EPIC Conjoint Limited provides an advanced online survey platform for companies, research companies, and universities. The software is provided in an Application Service Provider (ASP) model, accessed using a modern browser via the Internet. EPIC’s products are self-service, whereby the end-users are responsible for what data to collect and from whom. Survey respondents may use mobile devices to complete a survey.

This Privacy Notice is provided to individuals whose Personal Information is processed by EPIC Conjoint Limited, registered at 39 Northumberland Road, Ballsbridge, Dublin 4, and any affiliates (collectively, “EPICConjoint”, “EPIC Conjoint”, “EPIC”, “Epic”, “we”, “us”, “our”). EPIC Conjoint is the owner of epicinsights.io and its subdomains and the controller of your personal information. This applies but is not limited to:

• Visitors to our public website epicinsights.io and all its subdomains,
• Users of EPIC software and related services,
• Individuals who interact with our posts, pages, or advertisements on LinkedIn or other third-party platforms, and
• Individuals who otherwise engage with EPIC online or offline in connection with our services.

References to “you” or “your” refers to users whose Personal Information is processed by EPIC Conjoint.

We want you to be familiar with how we collect, use and disclose personal information when you visit epicinsights.io (including its subdomains), interact with our LinkedIn posts or advertisements (or similar third-party platforms), or engage with us under a contractual agreement for one of our Services.

This Global Privacy Notice (“Notice”) is intended to comply with the relevant transparency requirements under the applicable privacy or data protection laws. This Notice describes our processing activities in connection with your relationship with us. The Notice applies to any personal information we may collect from you through our websites or applications, accessed using your device (e.g., mobile, computer), our LinkedIn pages, posts, or advertisements (as well as similar third-party services), and various other offline means, such as when you attend our events, or when you otherwise interact with us as described below. If you have any questions or would like to make any requests about your personal information such as opting out of marketing, please email privacy@epicinsights.io.
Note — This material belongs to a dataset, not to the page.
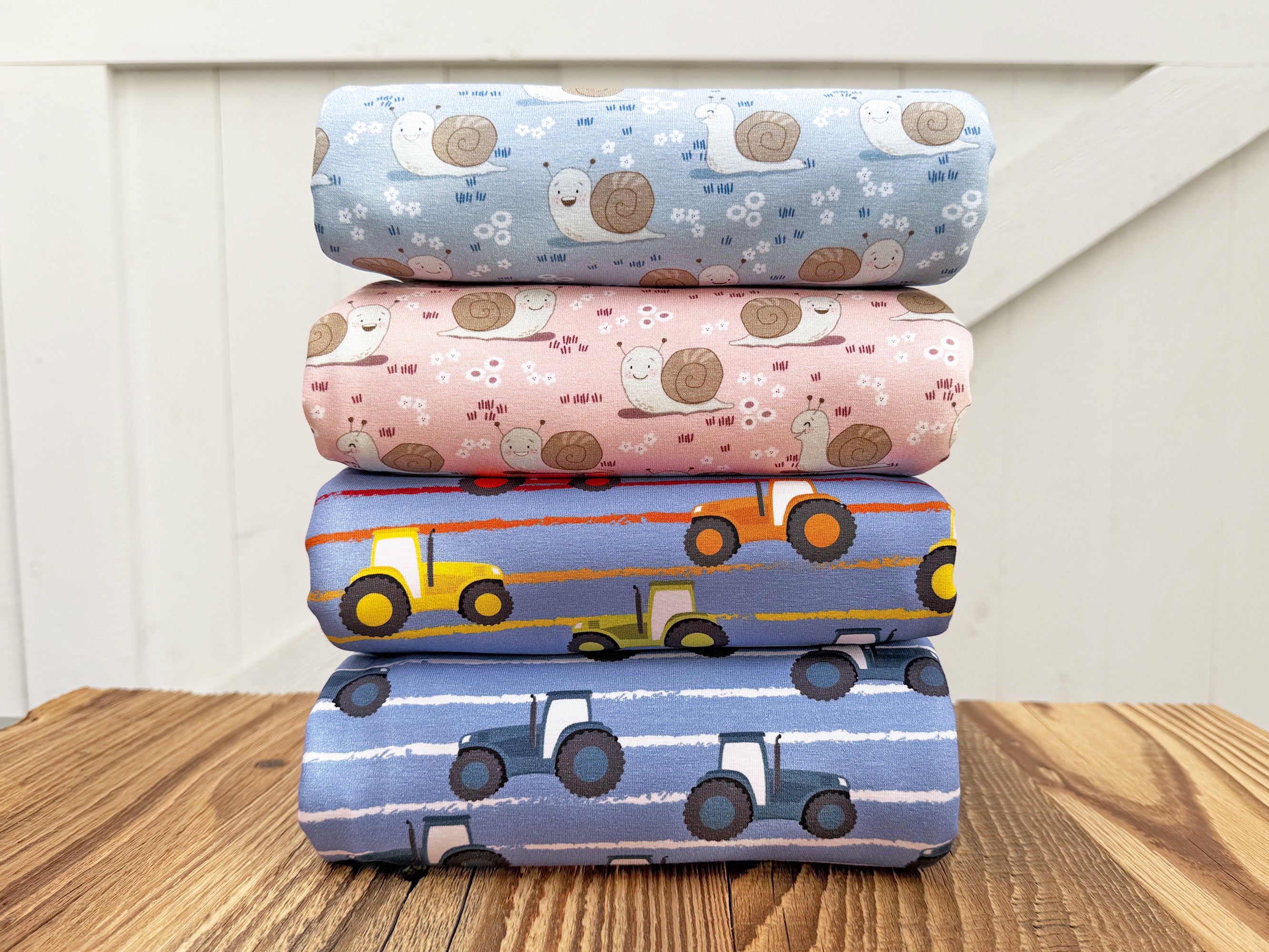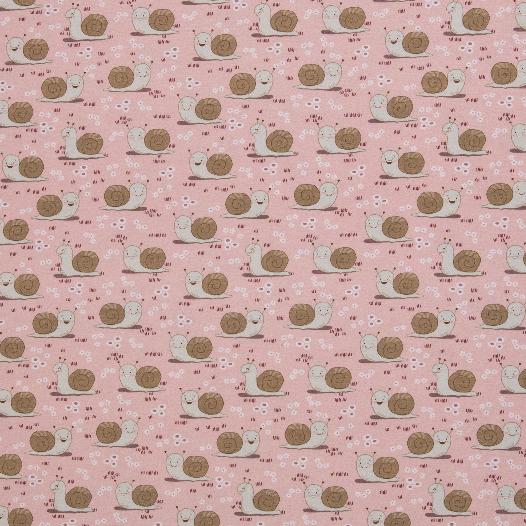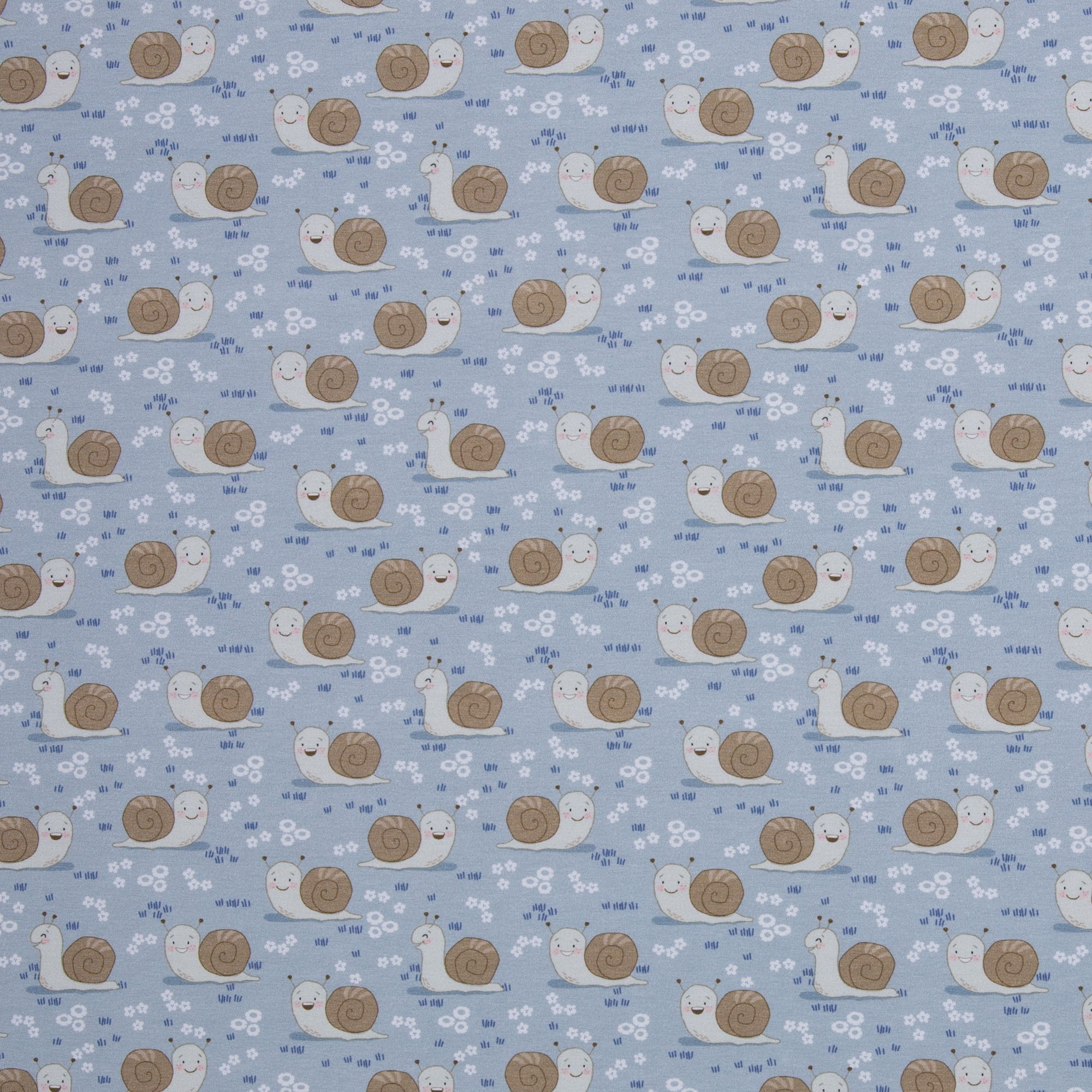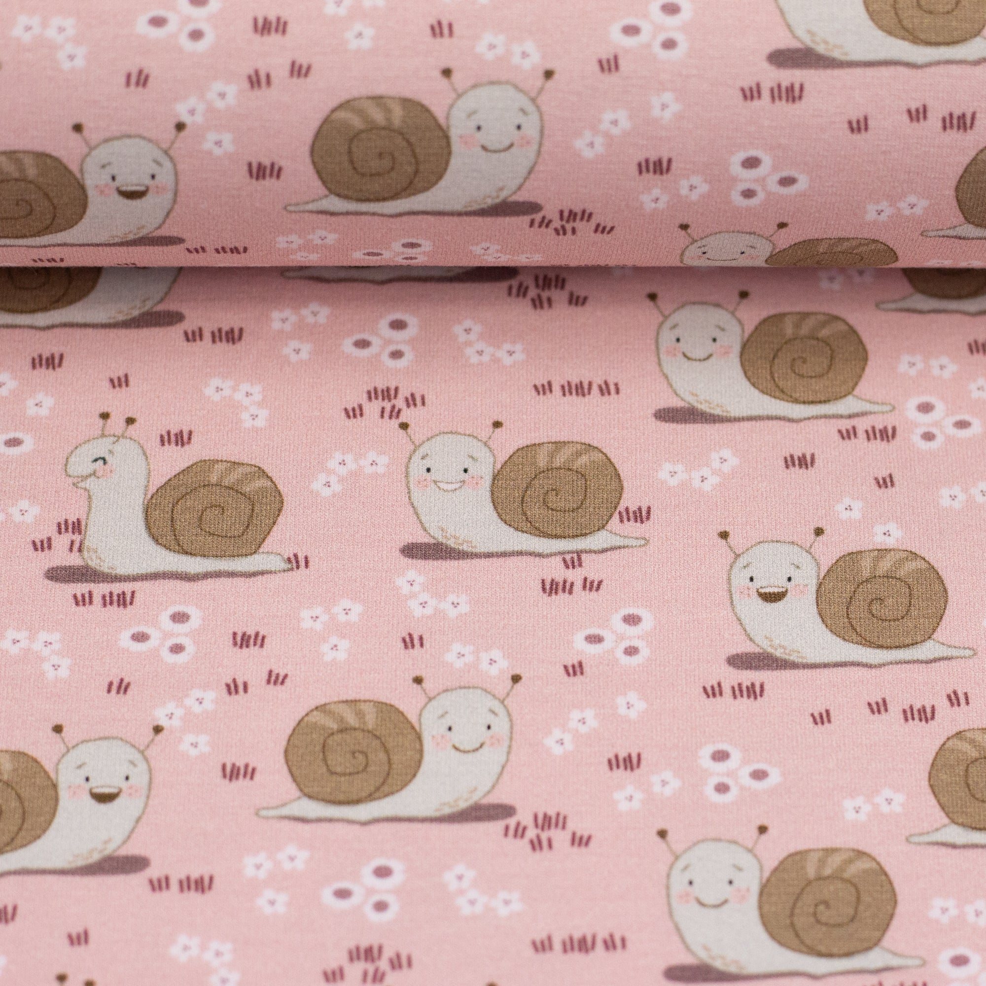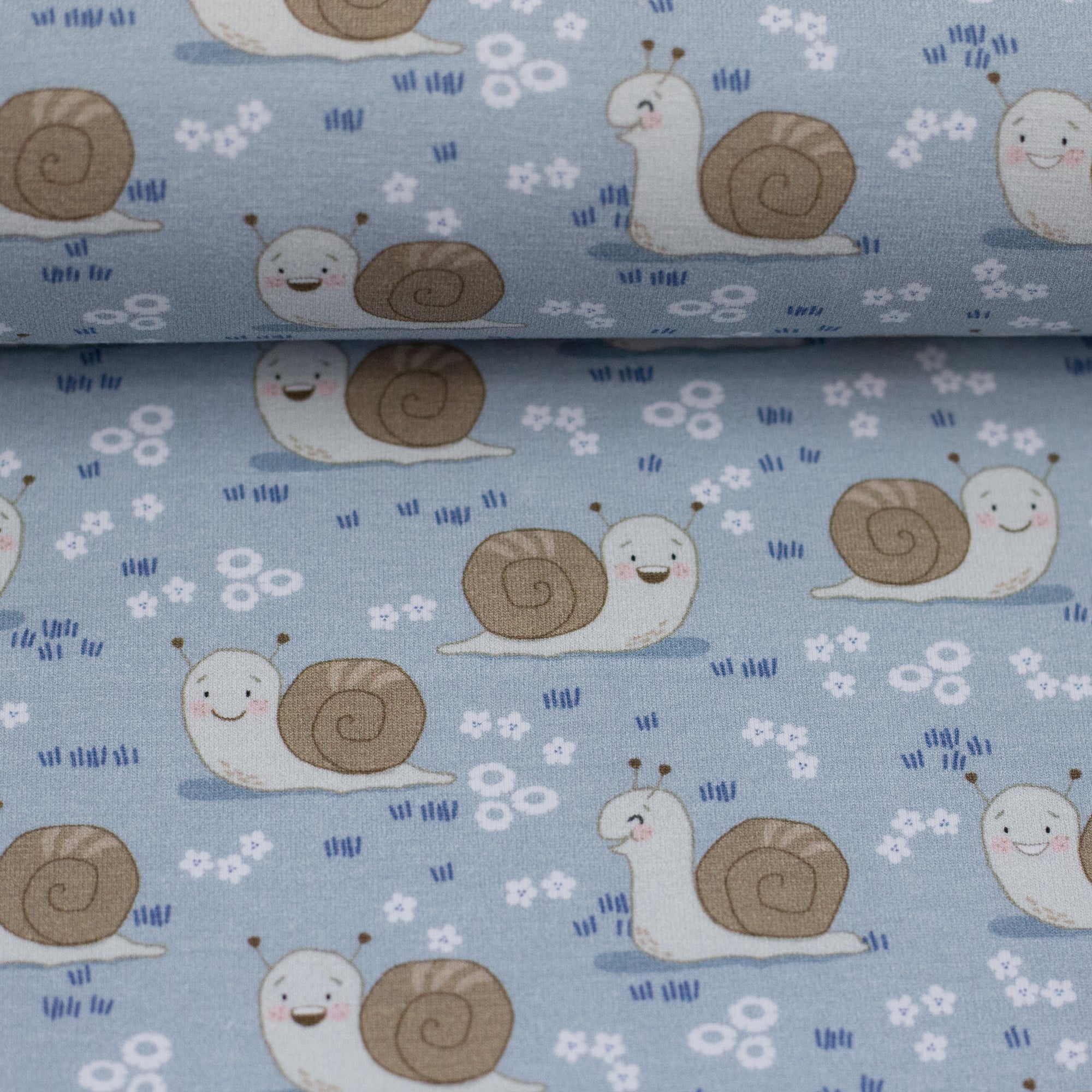 Fröhliche Schnecken in zarter Watercolor-Optik ziehen sich gleichmäßig über den Stoff. Erhältlich auf hellem Blau oder sanftem Rosa, ergänzt durch kleine Blüten und Grasdetails, wirkt das Motiv ruhig, freundlich und wunderbar harmonisch – ideal für verspielte Kinderkleidung.

When we collect or process personal information about you, it’s important that you read this Notice in conjunction with any other Notice provided to you, so that you are fully aware of how and why we are using your data. This Notice supplements other notices and is not intended to override them. It should also be read in conjunction with any terms and conditions as may be applicable to you) and will form part of these.

Our website may include links to third-party websites, SDKs, plug-ins and applications. Clicking on those links or enabling those connections may allow third parties to collect or share data about you. When you leave our website, we encourage you to read the Notice of every website you visit, We don’t control these third-party websites and are not responsible for their privacy notices.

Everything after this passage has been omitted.